In this problem, we need to return an array containing the closest smaller element of the respective elements in the array. If the closest smaller element is not present, then we need to insert -1 at that position. The closest smaller element means that the element should be closer to the element in respect of the difference between them, and the element must be lesser than that respective element.

Example

Input: 

15

10

6

18

12

1

5

Output:

12

6

5

15

10

-1

1

Brute Force Approach

This approach considers using two nested loops. We’ll try to find the closest smaller element for a particular element using the inner loop in these loops, which means the whole array will be traversed for each and every element to find its closest smaller element.

Steps of Algorithm

Step 1. Create a function ‘getResult()’ that will accept two parameters, i.e., one vector of integer ‘input’, and the second one is the ‘N’ - the size of the vector ‘input’.
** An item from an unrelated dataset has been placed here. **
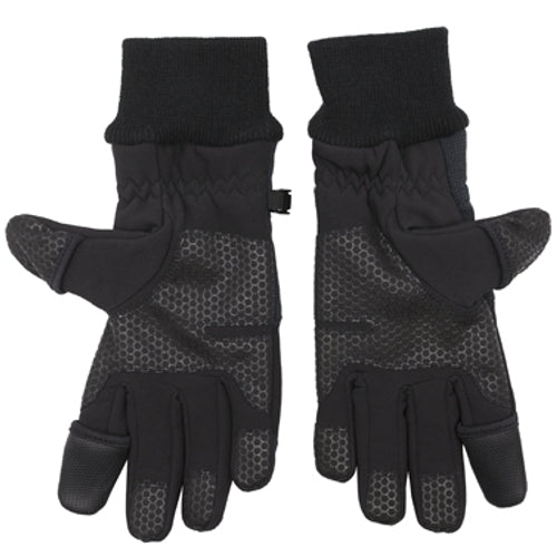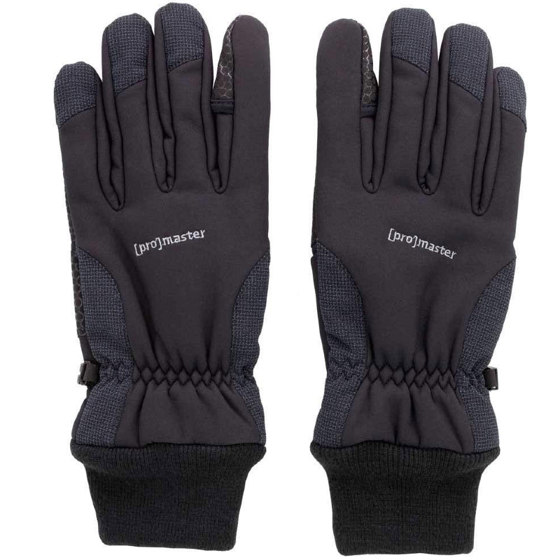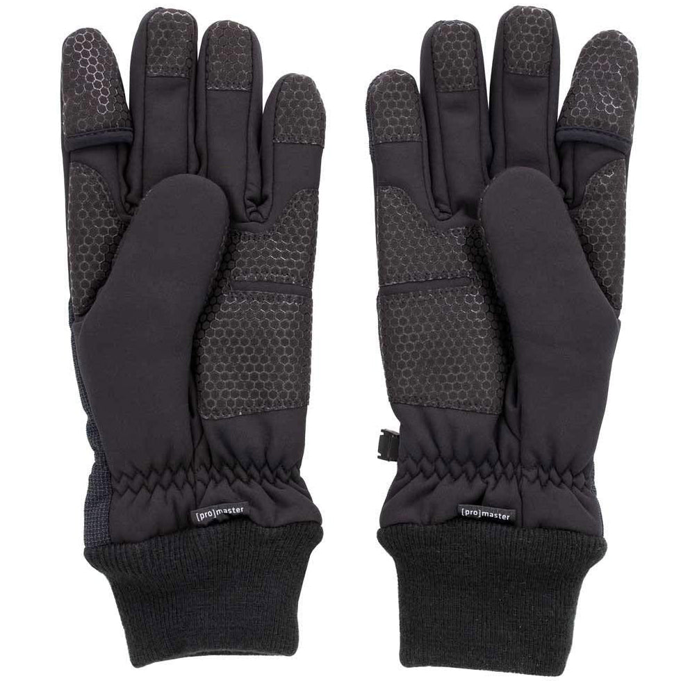 ProMaster 4-Layer Photo Gloves are excellent for photography in cold weather. The 4-layer design is windproof and water resistant to keep your hands warm. The index finger and thumb tips fold back and are held in place with small magnets. This allows for a more tactile experience with your camera. The index fingertip is made of a touch screen-compatible material allowing you to operate a camera touch LCD screen, tablet, or phone easily when it is not folded back. A non-slip coating on the fingers and palm ensures a firm, safe grip on your precious photo gear. Ribbed wrist cuffs keep the wind out and warmth in.

Step 2. Create a base case in which print -1, if the size of the ‘input’ array is one or less than one.

Step 3. Make nested iterations using the ‘for’ loop with the help of ‘i’ and ‘j’ variables.

Step 4. Take two variables to store the difference of the elements and the closest smaller element for an element. 

Step 5. In the second ‘for’ loop, if we are not dealing with the same element, then calculate the difference between both the elements and store its absolute value in the ‘diff’. 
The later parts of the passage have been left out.